2.Influence of insulin in all-in-one parenteral nutrition on blood glucose level in infants of very low birth weight
Xiangyu GAO ; Yang CHEN ; Yingjun SUN ; Lida LI ; Shenying QU ; Zhaojun WEI ; Guangling ZHOU ; Ying ZHOU ; Bo YANG ; Peizhi HAO
Chinese Journal of General Practitioners 2010;09(10):695-699
Objective To investigate influence of exogenous insulin in all-in-one parenteral nutrition on blood glucose in infants with very low birth weight (VLBW).

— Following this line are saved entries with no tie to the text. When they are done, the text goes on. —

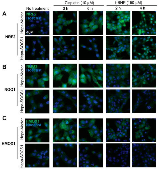 The evaluation of the expression of NRF2 by immunofluorescence revealed a more potent induction in t-BHP-treated Hepa-Vector cells than in cisplatin-treated cells (Figure 3A), consistent with the increase in Nfe2l2 transcript levels (Figure 1C,D). Notably, NRF2 localized to the nucleus at 6 h and 4 h after cisplatin or t-BHP treatment, respectively (Figure 3A). NRF2 protein expression was barely detectable in cisplatin-treated Hepa-SOCS1 cells, which showed a few cells with nuclear NRF2 after t-BHP treatment for 6 h (Figure 3A). Compared to NRF2, NQO1 and HMOX1 (HO-1) proteins showed higher levels of basal expression and were strongly induced by cisplatin in Hepa-Vector cells (Figure 3B,C). The protein levels of NQO1 and HMOX1 were not appreciably increased at 4 h after t-BHP treatment, consistent with the observation that Nqo1 and Hmox1 gene induction in Hepa-Vector cells peaked only at 6 h (Figure 2B and Figure 3B,C). The protein expressions of NRF2, NQO1 and HMOX1 at the basal level and in cisplatin- or t-BHP-treated Hepa-SOCS1 cells remained low (Figure 3A–C). On the other hand, both agents induced SOCS3 protein expression to a comparable extent in Hepa-Vector and Hepa-SOCS1 cells (Supplementary Figure S2), indicating that stable SOCS1 expression specifically impacts proteins involved in oxidative stress response.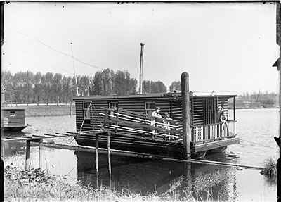 - Woonboten in een balkengat langs de Noordendijk, gezien naar het westen in de richting van de Oranjelaan.
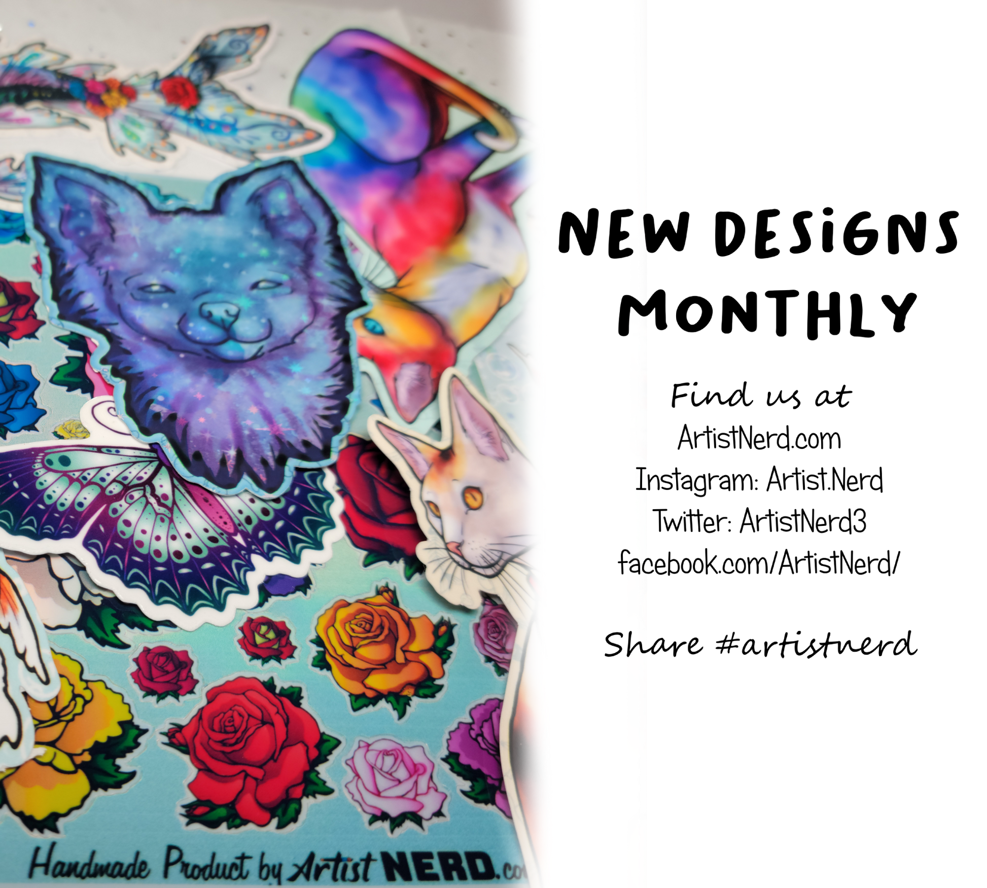 Each sticker is a handmade illustration by Marsi and is a high quality, waterproof printed vinyl sticker that is laminated to last even longer. May be applied to most smooth and hard surfaces such as plastic, metal, glass, paper products, walls or sanded wood. Permanent adhesive though may be repositioned with care shortly after placement.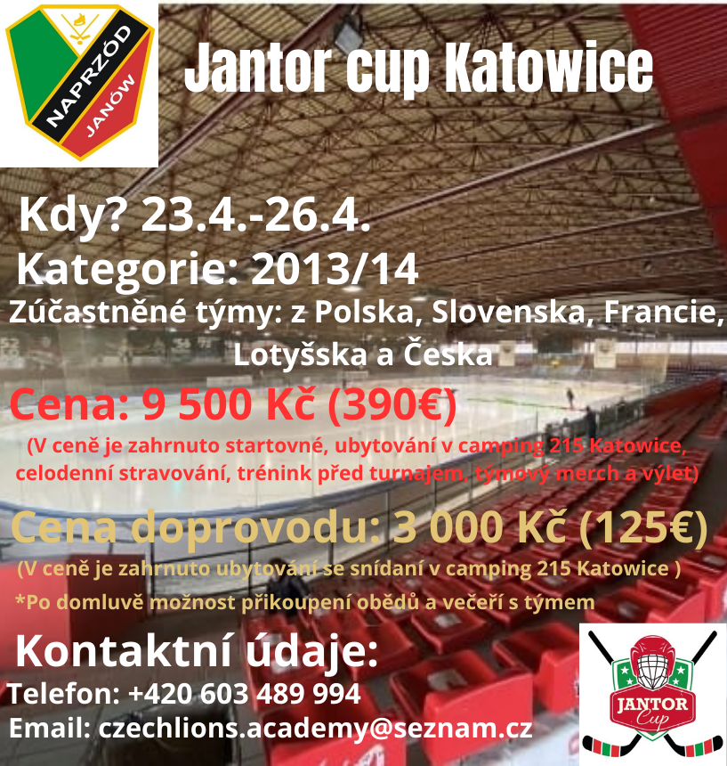 Garantujeme: skvělou hokejovou zábavu na turnaji, nové zkušenosti s mezinárodními týmy, týmový merch a krásný výlet do Papugarnia Katowice.

Methods Forty-two infants with VLBWI admitted to the department of pediatrics of Xuzhou Hospital affiliated to Southeast University during September 2005 to March 2009 were randomly assigned to Group Ⅰ ( n = 13 ) with exogenous insulin added to all-in-one parenteral nutrition at infusion rate of 0.4 U·kg-1·h-1,GroupⅡ(n = 13) with exogenous insulin at infusion rate of 0.1U·kg-1·h-1 and Group Ⅲ (n = 16) with no exogenous insulin added.Their blood glucose was monitored every two hours. Chi-square test was used for comparing difference in blood glucose abnormality between the three groups and association between blood glucose levels at admission and during hospitalization was analyzed with Spearman correlation. Results Incidence of hyperglycemia and hypoglycemia was 10. 9 percent (29/265) and 18. 1 percent (48/265) in Group Ⅰ, 20. 8 percent (59/284) and 14. 1 percent (40/284) in Group Ⅱ , and 20. 5 percent (61/298) and 11.7 percent (35/298) in Group Ⅲ, respectively. There was significant difference in incidence of hyperglycemia between Groups Ⅰ and Ⅱ ( x2 = 9. 844, P = 0. 002 ) and between Groups Ⅰ and Ⅲ ( x2 = 9. 478, P = 0. 002 ), but no significant difference in it between Groups Ⅱ and Ⅲ ( x2 = 0. 008, P = 0. 928 ). There was significant difference in incidence of hypoglycemia between Groups Ⅰ and Ⅲ ( x2 = 4. 526, P =0. 033 ), but no significant difference in it between Groups Ⅰ and Ⅱ (x2 =1.653, P=0. 199) or between Groups Ⅱ and Ⅲ (x2 =0.709, P =0.400).No significant correlation between endogenous blood insulin level at admission and during hospitalization( r = 0. 082, P = 0. 661 ) was found. Conclusions Blood glucose in infants with VLBW can not be regulated timely by their endogenous insulin itseff. Exogenous insulin added to all-in-one parenteral nutrition at infusion rate of 0. 1 U · kg-1 · h-1 may not significantly reduce incidence of hyperglycemia,while incidence of hypoglycemia can be reduced by exogenous insulin at infusion rate of 0. 4 U · kg- 1 · h -1 that can increase incidence of hypoglycemia Therefore, exogenous insulin is not recommended to be prophylactically added to all-in-one parenteral nutrition for infants with VLBW.